WHAT YOU HAVE TO DO → Could you give the data that follows again exactly, without its pictures?

MATERIAL PROVIDED →
....

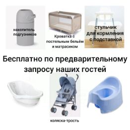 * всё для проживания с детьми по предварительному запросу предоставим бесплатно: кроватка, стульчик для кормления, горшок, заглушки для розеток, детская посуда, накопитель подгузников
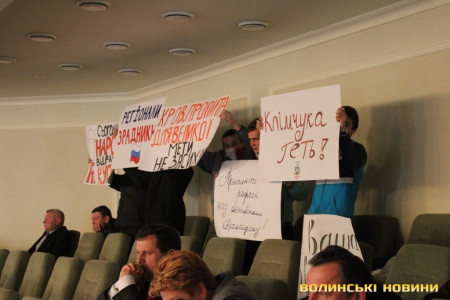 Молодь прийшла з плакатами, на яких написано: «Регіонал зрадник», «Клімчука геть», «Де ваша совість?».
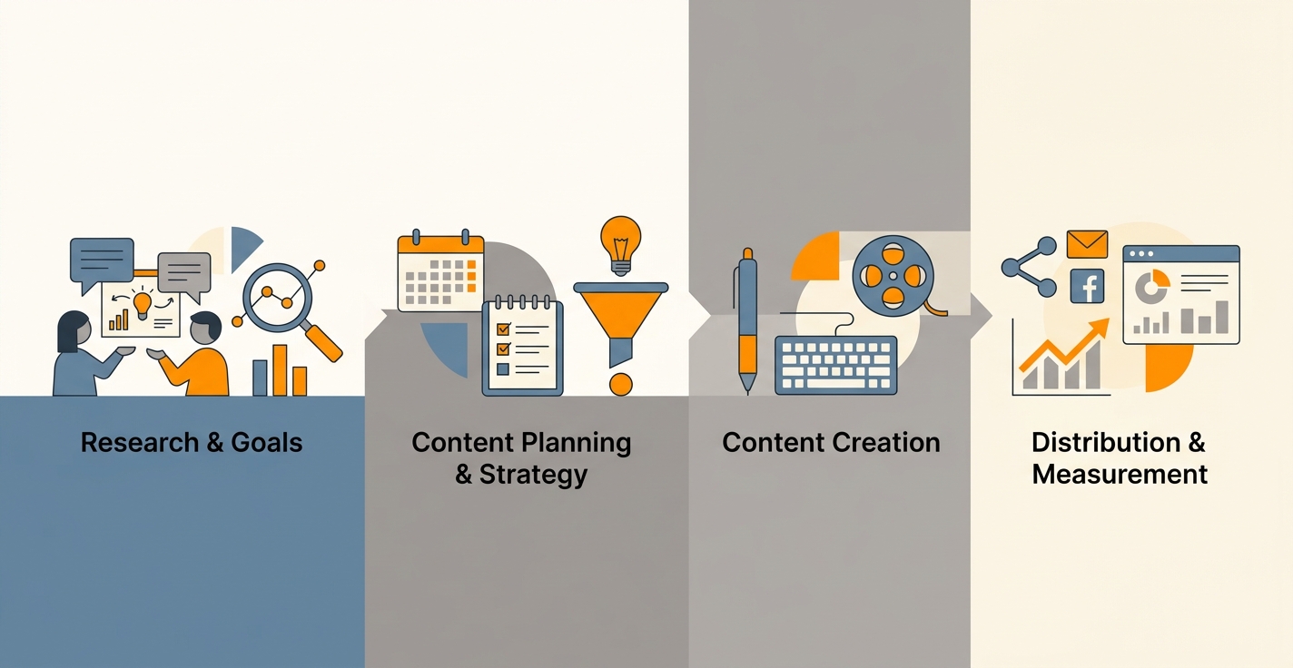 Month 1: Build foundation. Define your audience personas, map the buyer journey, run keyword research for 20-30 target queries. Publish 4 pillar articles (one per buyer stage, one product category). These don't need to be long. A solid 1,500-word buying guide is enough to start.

....

EXPECTED ANSWER →
 * всё для проживания с детьми по предварительному запросу предоставим бесплатно: кроватка, стульчик для кормления, горшок, заглушки для розеток, детская посуда, накопитель подгузников
 Молодь прийшла з плакатами, на яких написано: «Регіонал зрадник», «Клімчука геть», «Де ваша совість?».
 Month 1: Build foundation. Define your audience personas, map the buyer journey, run keyword research for 20-30 target queries. Publish 4 pillar articles (one per buyer stage, one product category). These don't need to be long. A solid 1,500-word buying guide is enough to start.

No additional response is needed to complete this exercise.